There is a kinetic sense of push and pull in this work. Of wanting to articulate illness and its environs, its machinations, its boring interruptions – but also of not wanting to be the illness, or be defined by it. Perhaps Boyer is channelling Audre Lorde, who wrote in The Cancer Diaries, “Your silence will not protect you”. Forming thoughts with a brain that still works and lungs that still breathe are the physical parts of articulation, but The Undying is about more than that. It is about the necessity of that act of speaking, and how a single story is really a global narrative. After all, we are all potentially – as Boyer reminds us – “future sick persons”.

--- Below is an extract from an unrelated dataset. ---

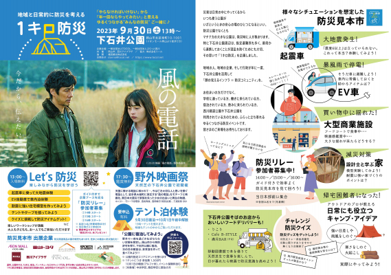 『やらされる防災ではなくゆるくつながって、やってみよう!』をテーマに、防災・減災の普及啓発イベントのほか、初となる『野外映画祭《風の電話》』、企業による『防災見本市』や『あおぞら教室』も同時開催。
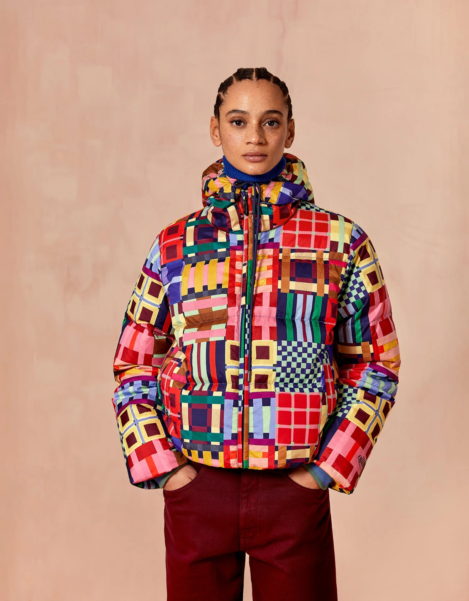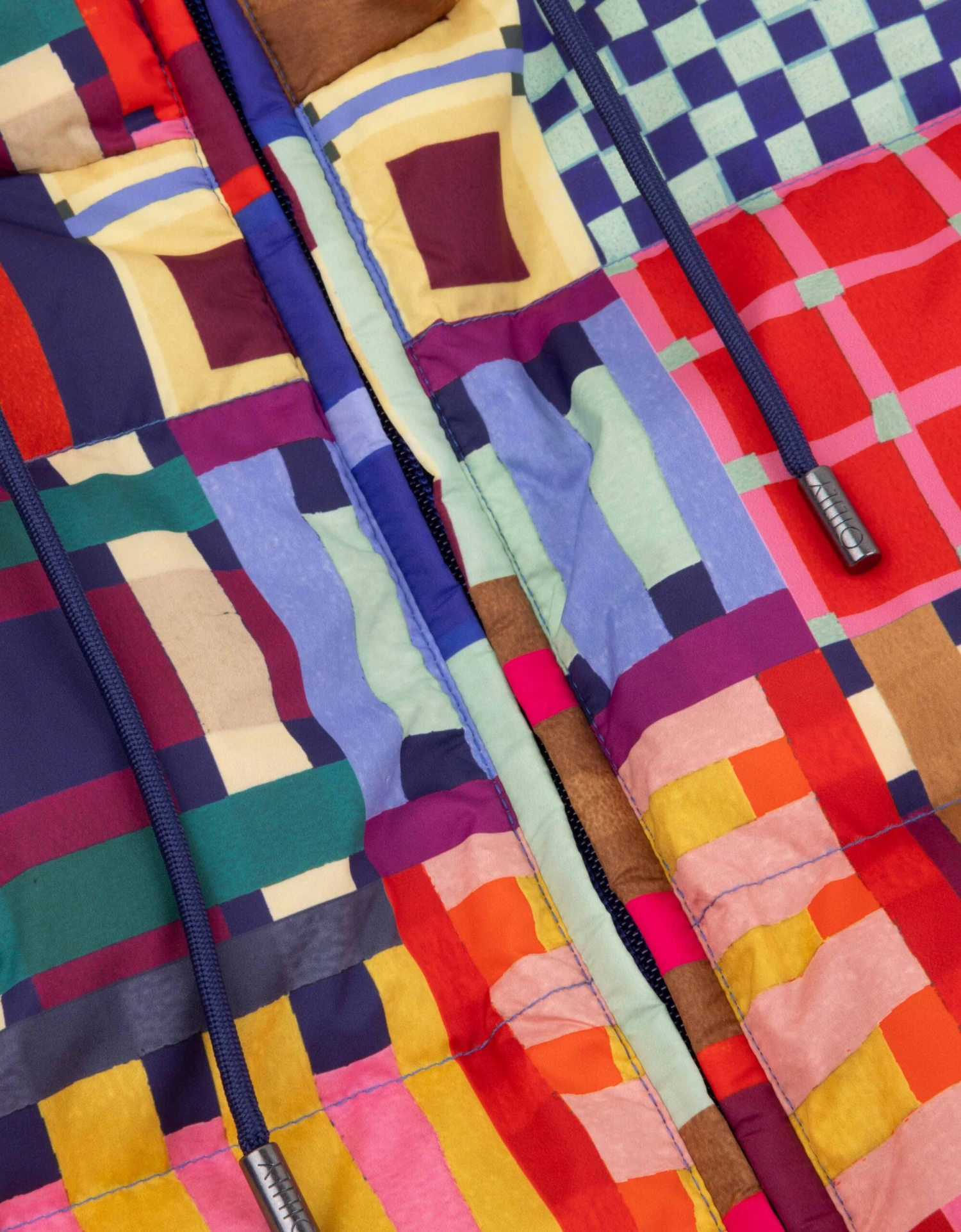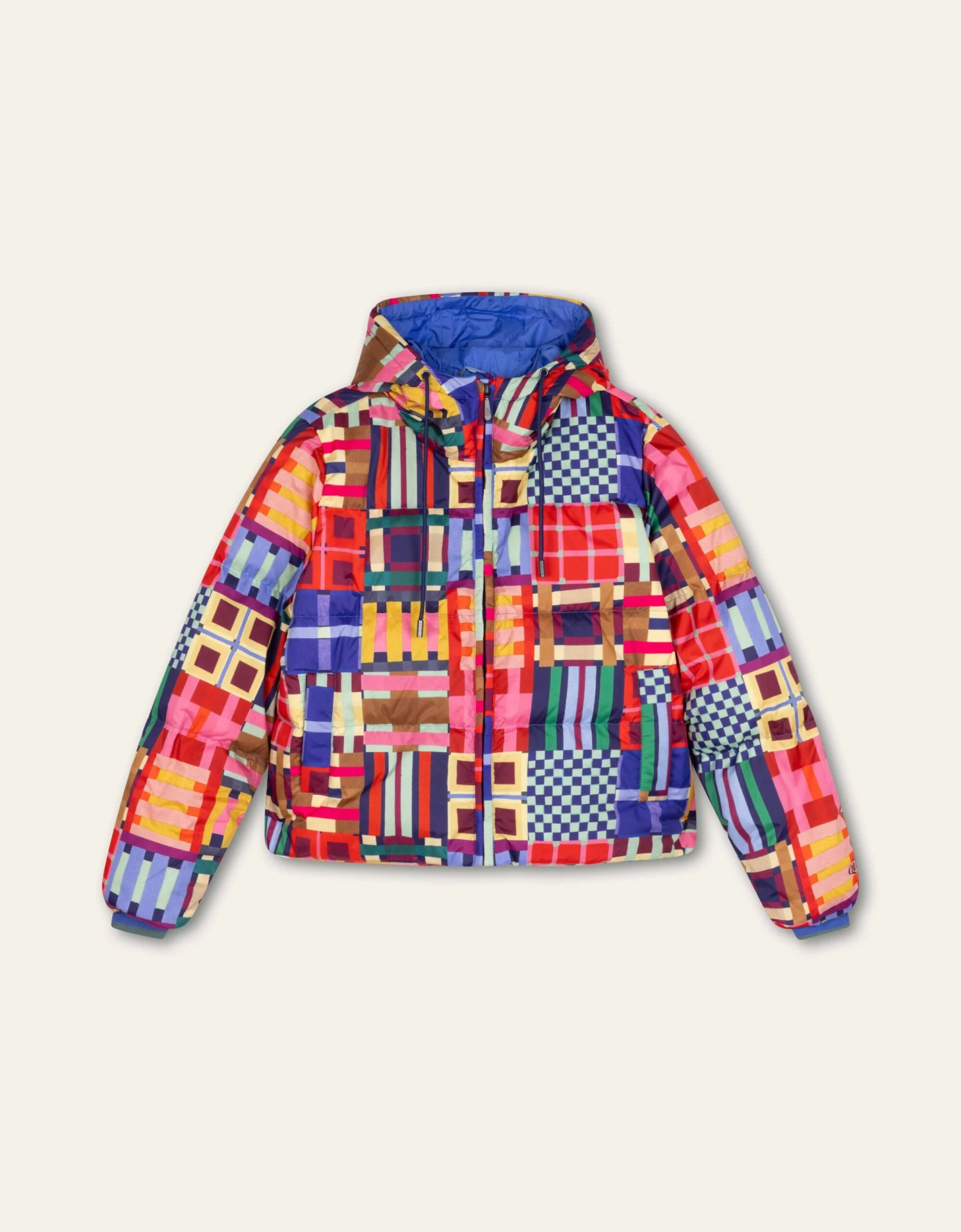 Het dessin Tartan tape is een print dat speelt met de vele kleurrijke tartans die Schotland rijk is. Het maakt van deze korte puffer jas een feestje om naar te kijken. De jas sluit met een blinde rits en je kan de onderkant aansnoeren om met het silhouet te spelen.

In writing The Undying, Boyer states: “I wanted to write about pain without any philosophy”, but there is a philosophical disquisition at work here, and Boyer negates the form of traditional memoir, or linear non-fiction, by working both internally and outside of it. It is defiant and gloriously multiplicitous in its aims, form, and provocations. To write that, “Every person with a body should be given a guide to dying soon as they are born” is both philosophical and palliative. This book accommodates anger but never rants, offers insight but (thankfully) no catharsis. It offers a new, necessary lexicon and unshakeably parses “the gorgeous framework” of mortality.